Download or read book TRIPS and Access to Medicines written by Renata Curzel and published by Kluwer Law International B.V.. This book was released on 2020-12-10 with total page 325 pages. Available in PDF, EPUB and Kindle. Book excerpt: Although ideally a patent system for pharmaceuticals should serve to incentivize research into the development of new medicines, the COVID-19 pandemic has exposed the equal importance of drug access and affordability. This book, by focusing on the Brazilian rule which makes the grant of pharmaceutical patents dependent on the prior consent of the National Health Surveillance Agency (ANVISA), shows how the Brazilian model affords an example for other countries to follow in dealing with tensions between patent protection and the right to healthcare. Based on an empirical study in which the author examined 147 reports issued by ANVISA as a basis for its decisions, the book deals with such central questions concerning the interface of regulation and innovation in the patent system as the following: compatibility between ANVISA’s prior consent mechanism and the Trade-Related Aspects of Intellectual Property Rights (TRIPS) Agreement; how “evergreening” and “trivial patents” undermine public health and access to medicines; ways of correcting abuses of patent rights and controlling quality of patents; and the discourse on health as a human right.
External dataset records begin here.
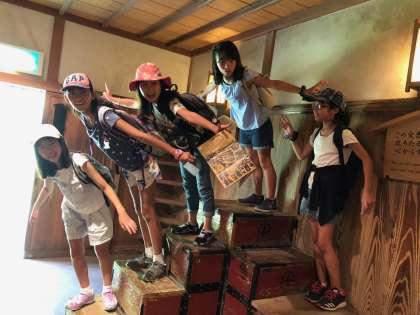 たくさん楽しめる催し物があります。グループで相談しながら江戸の町を堪能しています。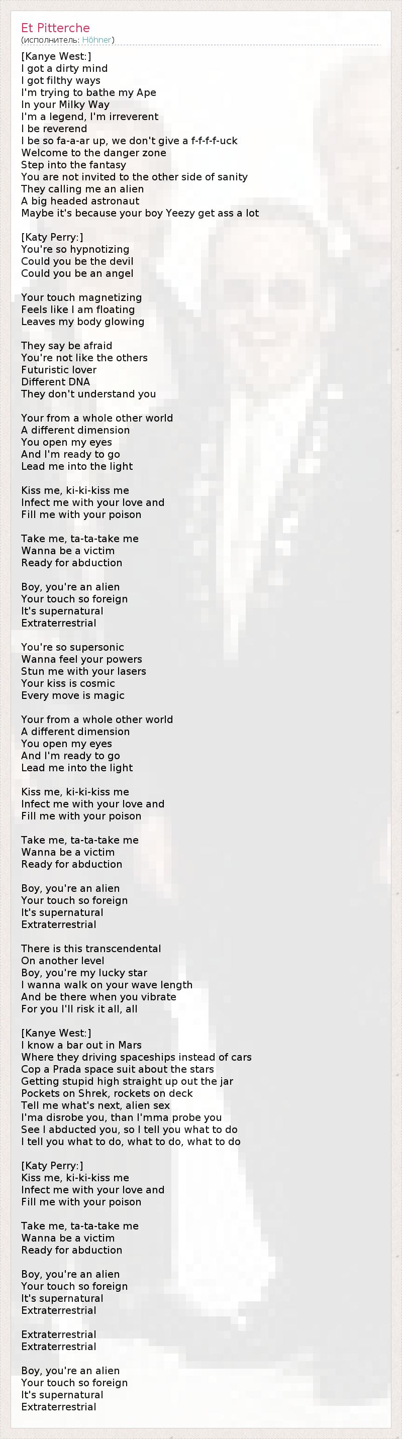 [Kanye West:] У меня грязные мыслишки и Вульгарные привычки, Пытаюсь искупать своего громилу* В твоем Млечном Пути, Я легенда, я не выказываю никакого уважения, Будете звать меня Ваше Преподобие, Я буду так высокоооо, да нам пох, Добро пожаловать в опасную зону, Сделайте шаг навстречу фантазии, За гранью здравого рассудка вас не ждут, Меня называют пришельцем, Воображалой-астронавтом, Может, оттого что ваш Yeezy** этакий сукин сын [Katy Perry:] Ты так гипнотизируешь, Дьявол ты Или ангел? От твоих магнетических прикосновений Я словно парю И мое тело пылает Говорят, что мне стоит бояться, Ты не такой, как остальные, Фантастический любовник, Другое ДНК, Они не понимают тебя Ты из совсем другого мира, Другого измерения, Ты открываешь мне глаза, И я готова идти, Веди меня к свету Поцелуй меня, по-по-поцелуй меня, Отрави меня своей любовью И наполни меня своим ядом Возьми меня, во-во-возьми меня, Хочу быть твоей жертвой, Я готова к похищению Парень, ты пришелец, Твое прикосновение так незнакомо, Это сверхъестественно, Это что-то внеземное Ты быстрее звука, Я хочу почувствовать твою силу, Порази меня своим взглядом-лазером, Твой поцелуй – космический, Каждое движение – волшебство Ты из совсем другого мира, Другого измерения, Ты открываешь мне глаза, И я готова идти, Веди меня к свету Поцелуй меня, по-по-поцелуй меня, Отрави меня своей любовью И наполни меня своим ядом Возьми меня, во-во-возьми меня, Хочу быть твоей жертвой, Я готова к похищению Парень, ты пришелец, Твое прикосновение так незнакомо, Это сверхъестественно, Это что-то внеземное Это запредельный выход На новый уровень, Парень, ты моя счастливая звезда, Я хочу быть с тобой на одной волне, Быть рядом, когда по тебе идет вибрация, Ради тебя я рискну всем, всем [Kanye West:] Я знаю один бар на Марсе, Где вместо тачек катаются на звездолетах, Приобретают космические костюмчики от Прада, Напиваясь чем-нибудь безо льда и прямо с горла, Карманы зелени, следующее – залезть в ракету, Скажи мне, а что потом, внеземной секс, Я раздену тебя, затем ощупаю, Видишь, я тебя похитил, я скажу тебе, что делать, Я скажу тебе, что делать, что делать [Katy Perry:] Поцелуй меня, по-по-поцелуй меня, Отрави меня своей любовью И наполни меня своим ядом Возьми меня, во-во-возьми меня, Хочу быть твоей жертвой, Я готова к похищению Парень, ты пришелец, Твое прикосновение так незнакомо, Это сверхъестественно, Это что-то внеземное Внеземное Внеземное Парень, ты пришелец, Твое прикосновение так незнакомо, Это сверхъестественно, Это что-то внеземное * громила, хулиган – сленг. Буквально - большая обезьяна типа гориллы. Так называют и здорового развязного негра, и вообще любого парня, страдающего излишним энтузиазмом. В данном случае используется с секс. подтекстом. ** кличка Кэни Уэста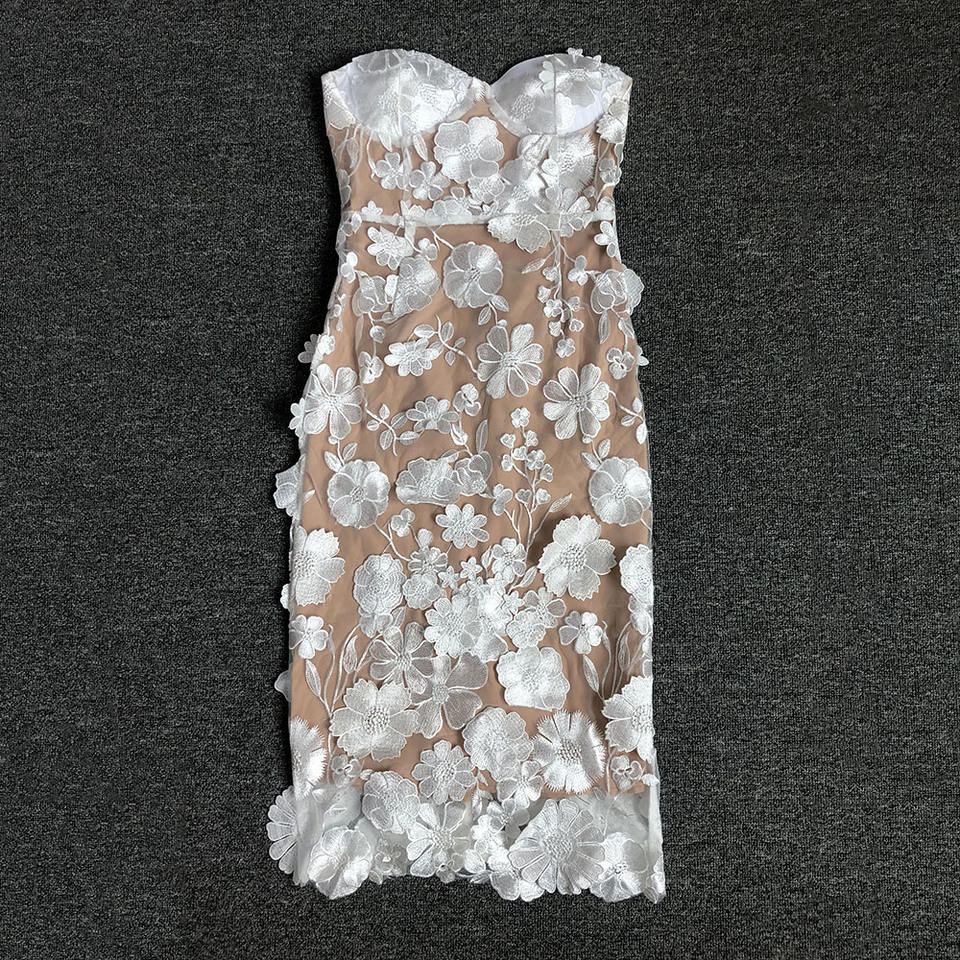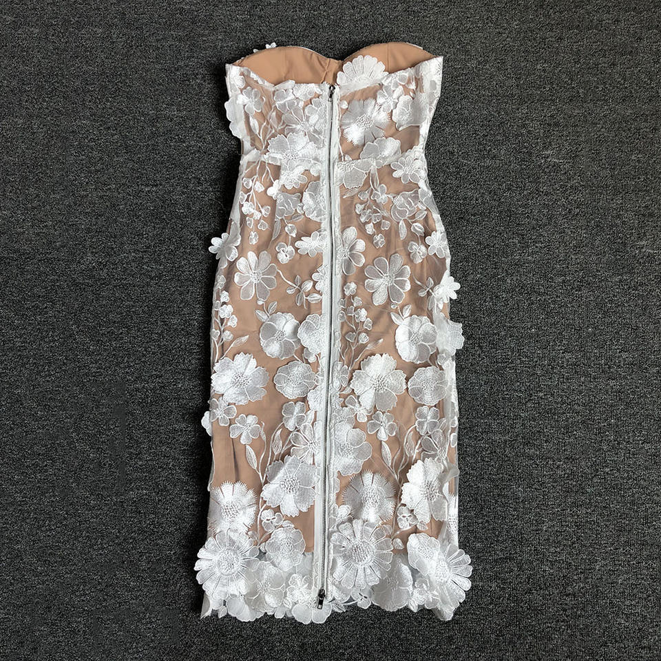 New Fashion Women Sleeveless Off Shoulder Back Zipper Lace Girls Solid Slim Pencil Casual Party Evening Dress

Along with her examination of ANVISA reports, the author analyzes how Article 229-C LPI, which introduced the need of ANVISA’s prior consent to the patent grant of pharmaceuticals in Brazil, has been interpreted in Brazilian case law. Interviews with Brazilian experts are also included. In its commitment to harmonizing patent rights and the right to access of affordable medicines, Brazil’s patent system for pharmaceuticals stands out as a workable response to the basic problem of access to medicines in the developing world. By describing the successes and failures in the Brazilian policy of promoting drug access, this book helps policymakers in developing and emerging countries to better explore TRIPS flexibilities when dealing with similar problems, and provides practitioners in the law of the World Trade Organization, patent law, competition law, and health law with a guide to how a more equitable pharmaceutical patenting system could work in practice.

Download or read book Contemporary Issues in Pharmaceutical Patent Law written by Bryan Mercurio and published by Taylor & Francis. This book was released on 2017-02-17 with total page 258 pages. Available in PDF, EPUB and Kindle. Book excerpt: This collection reflects on contemporary and contentious issues in international rulemaking in regards to pharmaceutical patent law. With chapters from both well-established and rising scholars, the collection contributes to the understanding of the regulatory framework governing pharmaceutical patents as an integrated discipline through the assessment of relevant laws, trends and policy options. Focusing on patent law and related pharmaceutical regulations, the collection addresses the pressing issues governments face in an attempt to resolve policy dilemmas involving competing interests, needs and objectives. The common theme running throughout the collection is the need for policy and law makers to think and act in a systemic manner and to be more reflective and responsive in finding new solutions within and outside the patent system to the long-standing problems as well as emerging challenges

Download or read book Medical Treatment Decisions and the Law written by Francis and published by Bloomsbury Professional. This book was released on 2001-01-01 with total page 340 pages. Available in PDF, EPUB and Kindle. Book excerpt: Medical Treatment Decisions and the Law covers an increasingly important area of law, seeking to place medical decision-making in its context and to provide practical guidance to the solution of many problems likely to be encountered in practice.